> **Data extract**

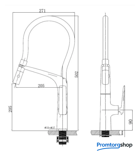 | Выдвижной/гибкий излив | Поворотный гибкий шланг |
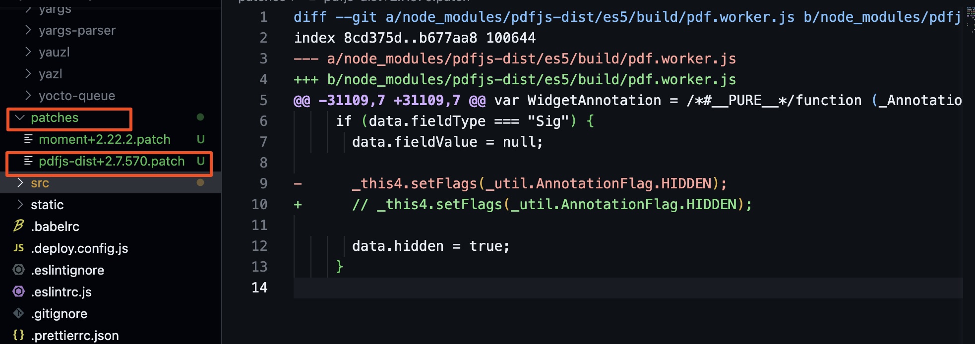 执行npx patch-package pdfjs-dist,生成补丁,会在文件目录中生成一个patches文件夹,如下:
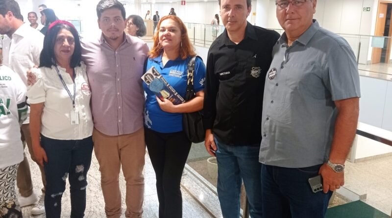Estiveram nesta manhã (18) no plenário 2 da Assembleia Legislativa a presidente da UGOPOCI, Nelma Félix; o vice-presidente, Reginaldo Melo; o diretor administrativo, Geraldo Rodrigues; o presidente do SINPOL, Renato Rick; seu vice-presidente, Charles Pessoa e demais representantes classistas dos servidores públicos de Goiás.
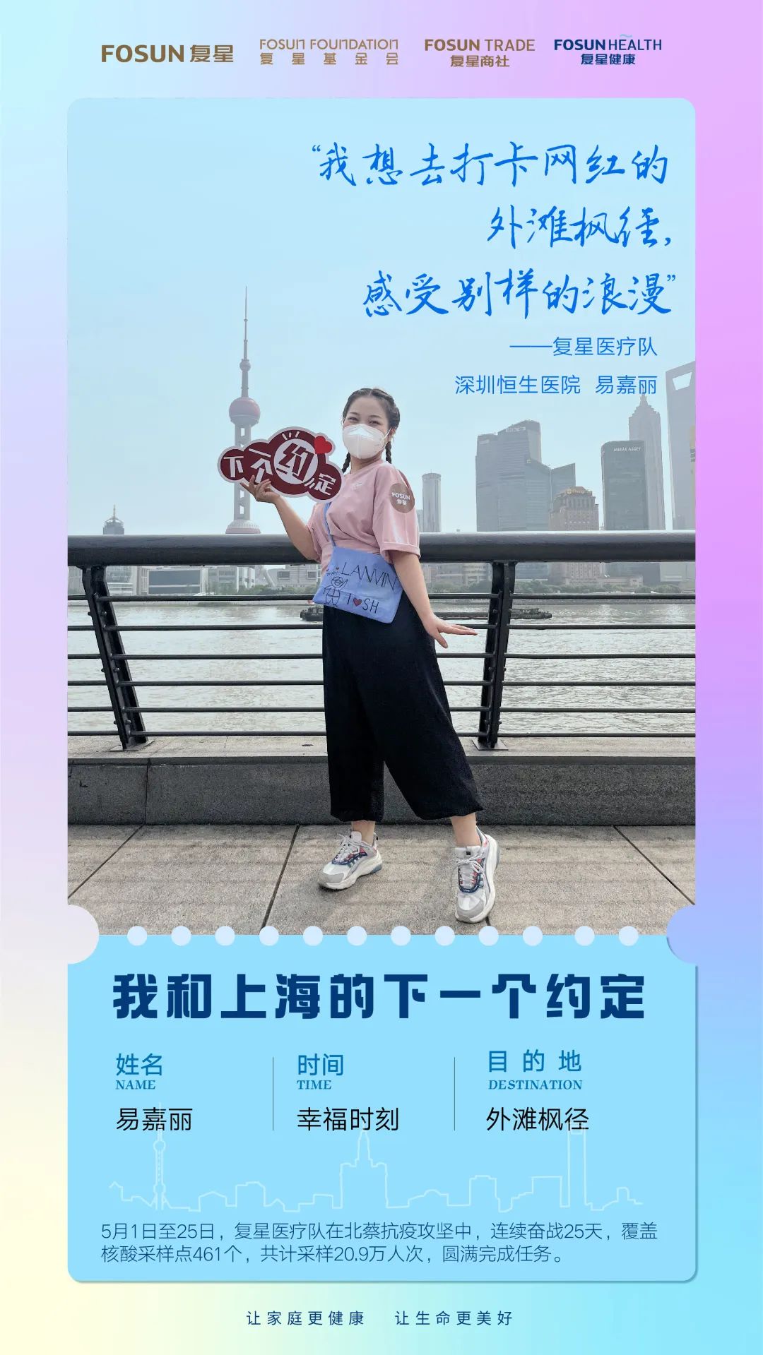 站在清风徐徐的黄浦江边,易嘉丽右手举起手机,左手比“V”,露出灿烂的笑容,给自己与江对岸的陆家嘴合了影,然后标注日期,2022年5月27日。20多天前,她和队友们驰援上海北蔡,在集合出发前拍大合影时,她比了同样的手势,并对着镜头元气满满地喊出——“上海加油!”

> **What is being asked**
Without the pictures, repeat exactly the lines running from the line containing "Estiveram nesta manhã" through the end of the data, both ends included.

> **Answer space**
Estiveram nesta manhã (18) no plenário 2 da Assembleia Legislativa a presidente da UGOPOCI, Nelma Félix; o vice-presidente, Reginaldo Melo; o diretor administrativo, Geraldo Rodrigues; o presidente do SINPOL, Renato Rick; seu vice-presidente, Charles Pessoa e demais representantes classistas dos servidores públicos de Goiás.
 站在清风徐徐的黄浦江边,易嘉丽右手举起手机,左手比“V”,露出灿烂的笑容,给自己与江对岸的陆家嘴合了影,然后标注日期,2022年5月27日。20多天前,她和队友们驰援上海北蔡,在集合出发前拍大合影时,她比了同样的手势,并对着镜头元气满满地喊出——“上海加油!”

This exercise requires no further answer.